What is being asked:
Counting task for the data below: how many lines hold the word "days"? Answer with the number only.

Given records:
==*==
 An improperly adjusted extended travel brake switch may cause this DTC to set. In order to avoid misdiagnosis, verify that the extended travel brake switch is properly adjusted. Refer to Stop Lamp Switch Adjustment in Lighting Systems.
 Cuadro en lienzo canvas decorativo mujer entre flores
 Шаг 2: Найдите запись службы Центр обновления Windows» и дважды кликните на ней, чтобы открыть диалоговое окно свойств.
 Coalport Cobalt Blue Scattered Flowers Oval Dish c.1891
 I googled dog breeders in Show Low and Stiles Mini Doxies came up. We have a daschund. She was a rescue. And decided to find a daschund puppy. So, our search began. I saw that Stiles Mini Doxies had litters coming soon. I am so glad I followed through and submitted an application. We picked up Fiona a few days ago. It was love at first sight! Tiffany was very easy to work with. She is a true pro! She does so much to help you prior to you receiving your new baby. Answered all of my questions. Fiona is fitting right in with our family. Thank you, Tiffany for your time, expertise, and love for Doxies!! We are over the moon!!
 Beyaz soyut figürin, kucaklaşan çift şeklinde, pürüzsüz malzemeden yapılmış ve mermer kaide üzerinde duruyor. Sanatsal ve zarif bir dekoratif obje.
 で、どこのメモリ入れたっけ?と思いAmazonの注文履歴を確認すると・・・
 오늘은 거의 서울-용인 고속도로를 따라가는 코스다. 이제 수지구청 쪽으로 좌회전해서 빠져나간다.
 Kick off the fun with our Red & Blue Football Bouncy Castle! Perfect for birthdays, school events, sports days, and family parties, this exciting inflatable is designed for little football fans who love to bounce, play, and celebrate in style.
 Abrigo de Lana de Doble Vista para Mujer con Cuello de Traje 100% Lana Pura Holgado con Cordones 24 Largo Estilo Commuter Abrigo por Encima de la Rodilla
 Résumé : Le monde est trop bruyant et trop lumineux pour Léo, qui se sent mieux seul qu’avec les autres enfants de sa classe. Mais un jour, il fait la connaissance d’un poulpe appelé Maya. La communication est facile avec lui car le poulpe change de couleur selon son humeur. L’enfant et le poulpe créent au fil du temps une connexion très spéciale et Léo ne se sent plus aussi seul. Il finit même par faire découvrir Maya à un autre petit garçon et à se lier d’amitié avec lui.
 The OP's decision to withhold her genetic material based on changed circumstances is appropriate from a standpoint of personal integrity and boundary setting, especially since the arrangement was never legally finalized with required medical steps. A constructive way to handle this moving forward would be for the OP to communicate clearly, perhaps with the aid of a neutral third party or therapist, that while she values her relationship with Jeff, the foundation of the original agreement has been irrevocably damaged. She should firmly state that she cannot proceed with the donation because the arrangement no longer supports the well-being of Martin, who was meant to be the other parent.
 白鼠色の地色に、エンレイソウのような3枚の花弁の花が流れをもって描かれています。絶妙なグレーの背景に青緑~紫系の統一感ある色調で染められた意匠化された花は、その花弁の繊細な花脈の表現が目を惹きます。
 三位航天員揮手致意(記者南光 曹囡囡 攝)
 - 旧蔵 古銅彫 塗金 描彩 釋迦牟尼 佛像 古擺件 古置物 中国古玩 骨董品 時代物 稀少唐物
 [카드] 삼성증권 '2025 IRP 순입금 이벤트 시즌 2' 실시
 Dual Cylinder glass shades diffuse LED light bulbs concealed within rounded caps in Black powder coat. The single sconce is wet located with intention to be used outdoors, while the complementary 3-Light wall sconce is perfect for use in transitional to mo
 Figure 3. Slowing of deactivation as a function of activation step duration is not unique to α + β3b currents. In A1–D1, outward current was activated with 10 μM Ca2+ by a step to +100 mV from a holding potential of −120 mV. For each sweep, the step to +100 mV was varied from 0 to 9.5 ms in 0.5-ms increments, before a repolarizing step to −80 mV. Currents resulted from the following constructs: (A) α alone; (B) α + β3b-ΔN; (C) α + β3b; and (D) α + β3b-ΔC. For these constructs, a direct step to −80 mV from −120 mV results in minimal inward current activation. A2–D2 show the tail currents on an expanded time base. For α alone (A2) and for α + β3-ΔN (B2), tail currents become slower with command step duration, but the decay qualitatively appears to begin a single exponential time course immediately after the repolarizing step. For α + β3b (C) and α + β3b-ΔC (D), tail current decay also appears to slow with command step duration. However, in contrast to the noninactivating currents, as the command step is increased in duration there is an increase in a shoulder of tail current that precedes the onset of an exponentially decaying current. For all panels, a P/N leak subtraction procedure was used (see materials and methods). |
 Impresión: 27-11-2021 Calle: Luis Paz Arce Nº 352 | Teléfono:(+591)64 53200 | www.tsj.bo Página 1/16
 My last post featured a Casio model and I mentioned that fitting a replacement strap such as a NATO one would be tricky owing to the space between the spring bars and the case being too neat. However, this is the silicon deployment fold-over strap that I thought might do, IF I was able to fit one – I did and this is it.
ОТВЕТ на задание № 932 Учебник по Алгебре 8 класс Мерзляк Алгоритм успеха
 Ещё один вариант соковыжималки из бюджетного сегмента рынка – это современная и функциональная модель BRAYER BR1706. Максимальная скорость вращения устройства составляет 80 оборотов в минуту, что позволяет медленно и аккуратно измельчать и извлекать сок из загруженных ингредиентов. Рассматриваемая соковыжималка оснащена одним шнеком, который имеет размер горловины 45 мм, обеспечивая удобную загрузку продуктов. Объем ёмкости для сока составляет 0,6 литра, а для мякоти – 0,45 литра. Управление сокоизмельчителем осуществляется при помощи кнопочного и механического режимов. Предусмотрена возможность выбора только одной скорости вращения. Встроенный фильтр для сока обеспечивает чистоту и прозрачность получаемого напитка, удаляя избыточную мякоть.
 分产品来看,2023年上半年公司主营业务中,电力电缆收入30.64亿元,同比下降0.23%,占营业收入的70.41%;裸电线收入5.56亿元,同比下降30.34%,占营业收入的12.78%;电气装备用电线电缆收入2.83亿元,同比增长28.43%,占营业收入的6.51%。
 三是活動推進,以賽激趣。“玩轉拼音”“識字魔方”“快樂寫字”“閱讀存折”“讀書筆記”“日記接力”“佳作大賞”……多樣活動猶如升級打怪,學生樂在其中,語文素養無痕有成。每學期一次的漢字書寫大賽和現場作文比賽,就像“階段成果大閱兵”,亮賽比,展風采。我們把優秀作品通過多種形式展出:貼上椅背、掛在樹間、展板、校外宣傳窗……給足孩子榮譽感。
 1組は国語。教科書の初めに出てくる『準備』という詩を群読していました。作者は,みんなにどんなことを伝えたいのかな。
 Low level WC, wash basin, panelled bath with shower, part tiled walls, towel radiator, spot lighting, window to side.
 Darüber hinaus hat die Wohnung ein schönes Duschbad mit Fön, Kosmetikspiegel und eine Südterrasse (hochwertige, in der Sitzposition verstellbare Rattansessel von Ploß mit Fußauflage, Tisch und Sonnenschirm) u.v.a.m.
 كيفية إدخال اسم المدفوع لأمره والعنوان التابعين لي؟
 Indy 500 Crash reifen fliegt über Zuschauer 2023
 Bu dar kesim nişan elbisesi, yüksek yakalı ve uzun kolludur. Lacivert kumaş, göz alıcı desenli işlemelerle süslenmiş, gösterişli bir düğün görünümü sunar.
==*==
Your solution:
2